I don't really know how else to address this for you. Maybe you saw or heard some NPR or wall street journal clip about strategic voting and that was formative for your understanding of how elections work. Regardless, it was wrong because in the real world, when we run real elections, not hypothetical ones, voters choose to do or not do a wide range of different things.
That's not wishful thinking. That's looking at results from real elections. You aren't addressing reality, you are moralizing about how you wish things were, but aren't.
The point is that your moralizing and insistence doesn't have any bearing on how voters actually behave. You have to base your strategy on how things actually are, in the real world, backed up with receipts from real elections.
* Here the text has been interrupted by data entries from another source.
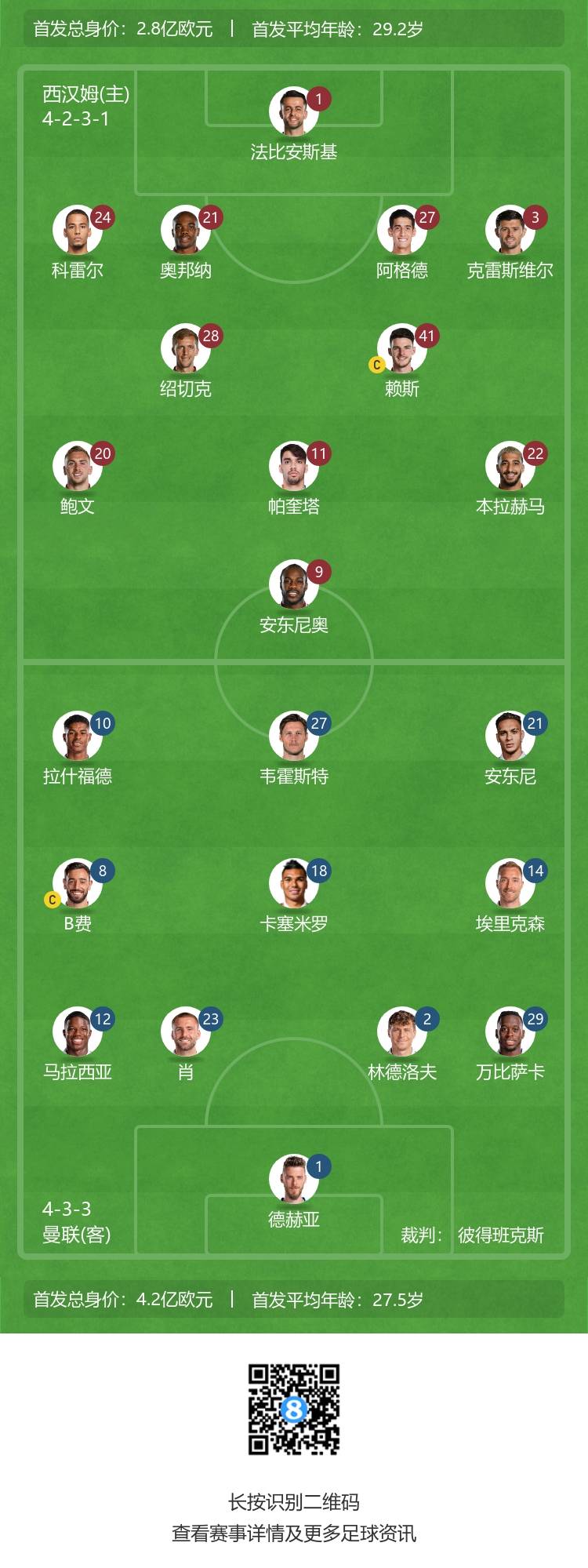 曼联首发:1-德赫亚、29-万比萨卡、2-林德洛夫、23-卢克肖、12-马拉西亚、14-埃里克森、18-卡塞米罗、21-安东尼、8-B费、10-拉什福德、27-韦霍斯特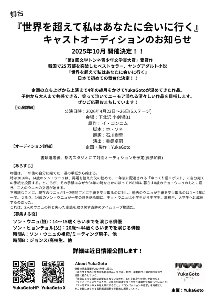 YukaGotoが2026年4月に日本で上演する韓国の小説が原作の舞台『世界を超えて私はあなたに会いに行く』に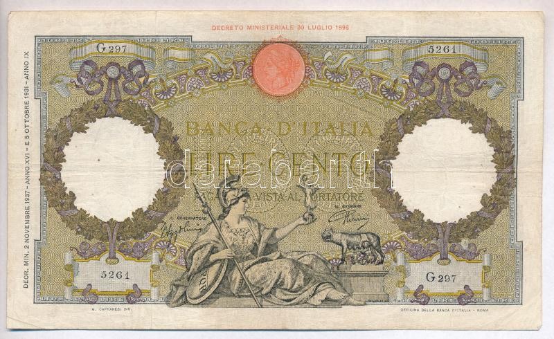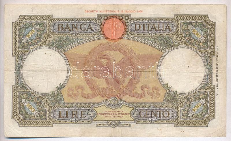 Italy 1937-1942. 100 ... https://www.darabanth.com/hu/318-Gyorsarveres/318.0/Numizmatika/Kulfoldi-bankjegyek~1000011/Olaszorszag-1937-1942-100L-TIII-III-tulyukak--Italy-1937-1942-100-Lire-CF-VG-needle-holes~II1756778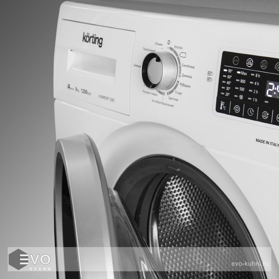 Стиральная машина Korting KWM 55F1285 с загрузкой 8 кг оснащена сенсорным дисплеем Touch Control с индикацией настроек и хода программ. Скорость отжима регулируется от 500 до 1200 оборотов, при необходимости опцию можно отключить.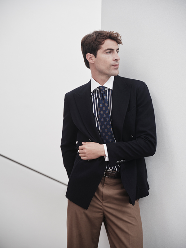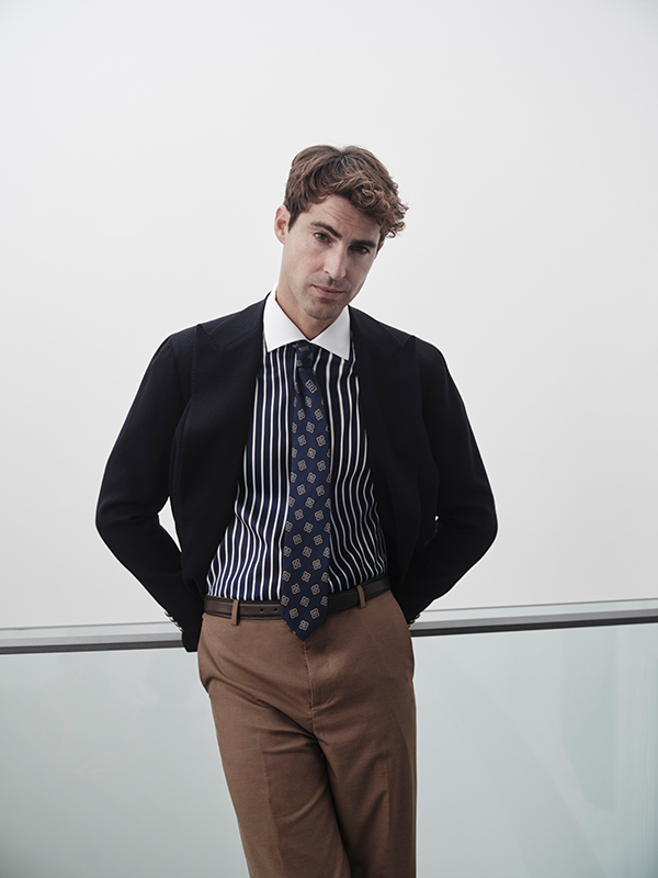 Old money styles remain an integral part of the style. In this context, stripes continue to gain importance. Here, things can get a little more expressive. As a key piece, we’re showing a multicolored satin stripe on a two-ply yarn with a contrasting white cuff and collar.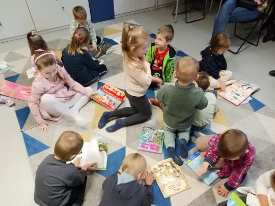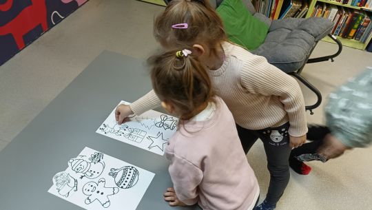 W grudniu odwiedziliśmy osiedlową bibliotekę. Wysłuchaliśmy bajki i zrobiliśmy papierowego Mikołaja
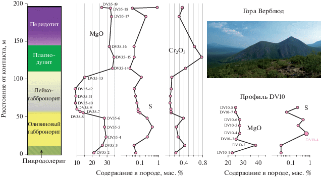 Для последующего рассмотрения важно, что вблизи нижнего эндоконтакта силла Верблюд, на стратиграфическом уровне примерно от 20 до 50 м нами установлена сульфидная минерализация. Аналогичное, но более значимое накопление сульфидов проявляется в основании другого силла или апофизы (профиль DV10), опробованного на удалении 3.5 км к юго-востоку от силла Верблюд в разведочной канаве, примерно в 200 м от выходов сетчатых сульфидных руд (рис. 1, 2). Именно в этом разрезе нами впервые обнаружены образцы оливиновых габброноритов с мелкими сульфидными каплями размером до 3–4 мм.
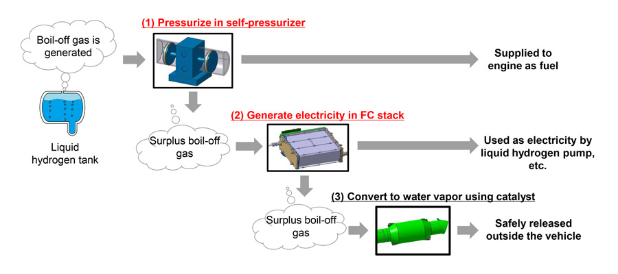 所产生的电力可用于为液氢泵的电机等部件供电。如果实现的话,这将有可能利用蒸发气体来补充电力(相当于小型交流发电机的发电量),从而提高能源效率。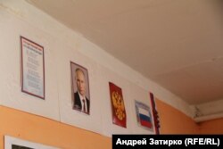 В коридоре выставлена батарея бутылок с водой, напротив – куча пакетов с вещами. Местные разбирают эти завалы – выбирают себе одежду. В полузаброшенном актовом зале опять разруха и гуманитарка – с десяток мешков картошки, вода. На обшарпанной стене – портрет Путина, текст гимна, фото флага и герб.

Strategic voting as strategy is irrelevant if voters don't actually behave that way. You might claim then that American voters are stupid voters who vote against their own their own interests because they don't abide by your approach. Ok fine. Then they are that way. But then you also must acknowledge that your outline if how to win an election is flawed because American voters don't behave that way.
You want voters to vote better but they don't. You want voters to be smarter but they aren't. If you are advocating a strategy that requires voters to be both smarter and better than they are, what's the likelihood of it succeeding?
You can't "fix" voter behavior. You can only adapt the strategies you rely on to accommodate real voters. Advocating strategic voting doesn't do this and lives in the realm of puritanical moralizing.
That's it. It's all that matters. There was one path to winning the election and it was to get the candidate to change their policy in the most important issue of the election. There was no other path to victory for the Dems.
We agree that voters don't meet your moral standard. But if you are advocating for strategies that depend on voters being different than they are, its your fault when those strategies fail.
Are you Kamala Harris? If you are, Mamala, if I can call you Mamala, why didn't you change your stance on Gaza so that you could win the election?
I apologize for interpretating the word "you" to mean the word "you". If you mean to speak of "they", you can use language like "voters", or the "electorate", or the "unwashed masses", whatever you prefer. But when you use the word "you" in response to something I say, there is no other way for me to interpret that other than by assuming you are directing the statement at me.
If that was all that mattered, people would have voted for less genocide, rather than refusing to vote so they could say they didn't vote for genocide, when in fact they said they were fine with whatever the rest of the voting public went with, which was inevitably some degree of genocide. Certainly, voting for Trump in protest wasn't a vote against genocide.
I'm sorry that your grasp of the English language is lacking. In that case, you, which is always syntactically plural, was used to refer to a singular individual.